Detailed Description of the Invention

[0001]

BACKGROUND OF THE INVENTION 1. Field of the Invention The present invention relates to a refrigerant flow pipe for a heat exchanger, and more particularly to a refrigerant flow pipe for a condenser used in a car cooler. In this specification, "aluminum" includes both pure aluminum and aluminum alloy.

[0002]

2. Description of the Related Art Recently, as a condenser for car cooler,
As shown in FIG. 1, a pair of headers (1) and (2) are arranged in parallel to each other at a distance from each other and a pair of headers (1) and (2) connected in parallel to each other. Both the refrigerant flow pipes (3) are arranged in the ventilation gap between the flat refrigerant flow pipe (3) and the adjacent refrigerant flow pipes (3).
Corrugated fins (4) brazed together with the inlet pipe (5) horizontally connected to the upper end of the right header (2)
And an outlet pipe (6) horizontally connected to the lower end portion of the left header (1), and first to fourth second pipes provided alternately in the right header (2) and the left header (1). Partition plates (7) to (10)
And the number of refrigerant distribution pipes (3) between the inlet pipe (5) and the first partition plate (7), and the refrigerant distribution pipe between the second partition plate (8) and the third partition plate (9). Number of (3), number of refrigerant distribution pipes (3) between third partition plate (9) and fourth partition plate (10), refrigerant distribution pipe between fourth partition plate (10) and outlet pipe (6) The number of (3) is gradually decreased from the top, and the vapor-phase refrigerant flowing in from the inlet pipe (5) flows in a meandering shape in the condenser before it flows out from the outlet pipe (6) into a liquid phase. So-called parallel flow type or multi-flow type capacitors have been widely used as substitutes for conventional serpentine type capacitors as those capable of achieving high performance, low pressure loss and ultra compactness. There is.

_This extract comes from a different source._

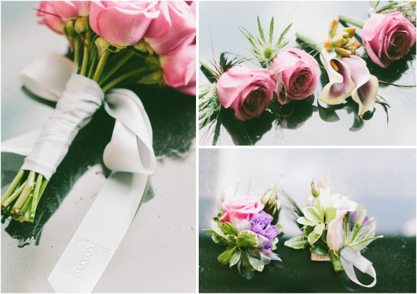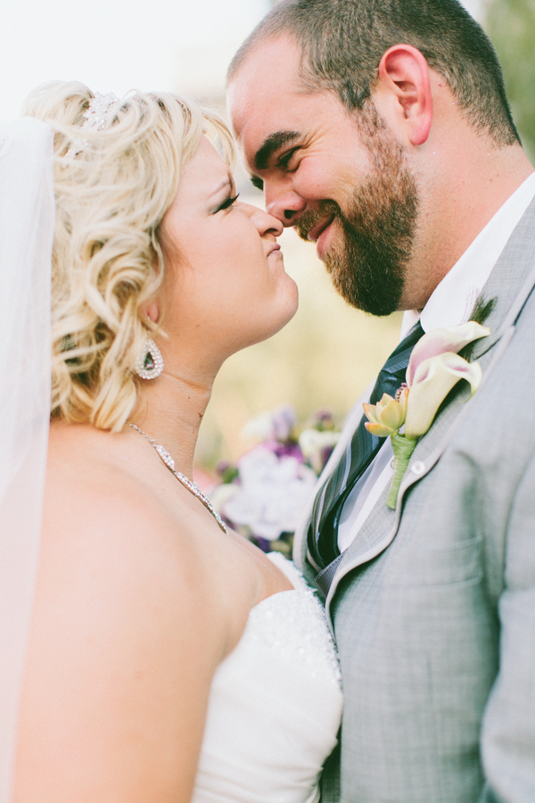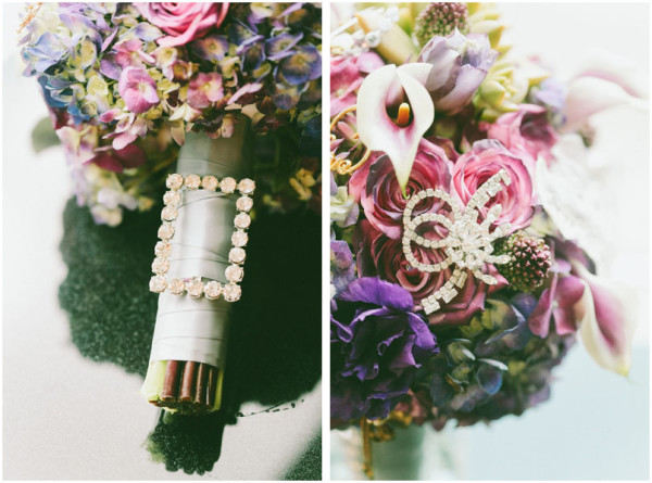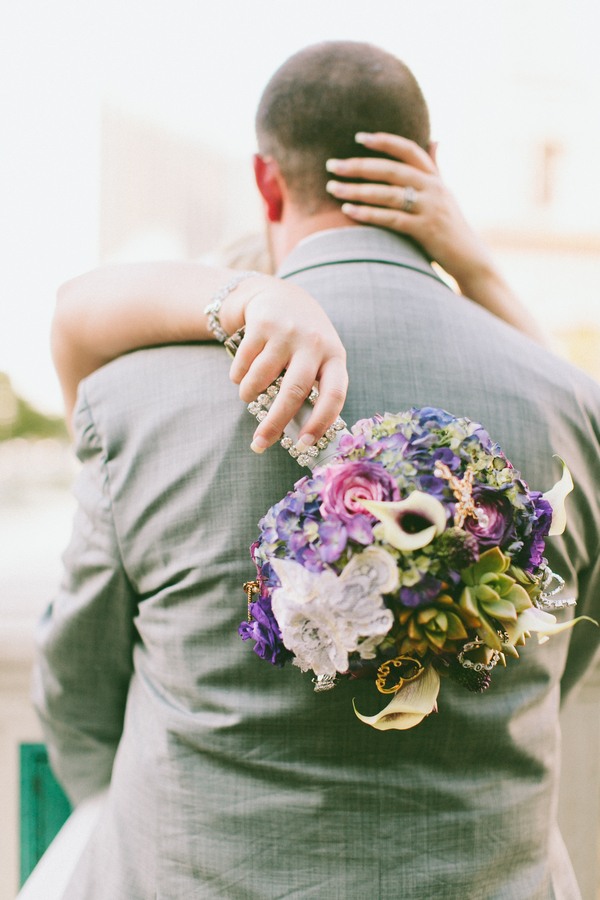 Laurel carried a round bouquet was composed of flowers in shades of lilac, lavender and purple including roses, lisianthus, hydrangeas and Picasso calla lillies, with some succulents for greenery, accented by vintage brooches and a piece of her mother’s bridal gown. Her bridal party wore deep purple gowns, and the men wore heather grey.

Since the high-pressure gas refrigerant is introduced into the flat refrigerant flow pipe used for the above condenser,
Pressure resistance is required. In order to meet this requirement and improve heat exchange efficiency, the refrigerant flow pipe shall be made of an aluminum hollow extruded profile with flat upper and lower walls and a reinforcing wall extending over the upper and lower walls and extending in the longitudinal direction. It was being done. By the way, in view of the improvement of heat exchange efficiency and the downsizing of the condenser, it is desirable that the flat refrigerant flow pipe has a thin wall and a height as low as possible. However, in the case of the extruded shape material, there is a limit in reducing the tube height and reducing the wall thickness due to restrictions on the extrusion technology.

Further, when the reinforcing wall is provided in the refrigerant flow pipe, independent parallel refrigerant passages are formed inside the reinforcing wall. Since the air flows so as to be orthogonal to the parallel refrigerant passages, the heat exchange property is necessarily better on the inlet side than the outlet side of the air. Therefore, in the refrigerant passage on the windward side, the gaseous refrigerant is rapidly condensed and the condensed liquid is accumulated, while the gaseous refrigerant remains in the refrigerant passage on the leeward side. Flow is uneven and heat exchange efficiency is not good.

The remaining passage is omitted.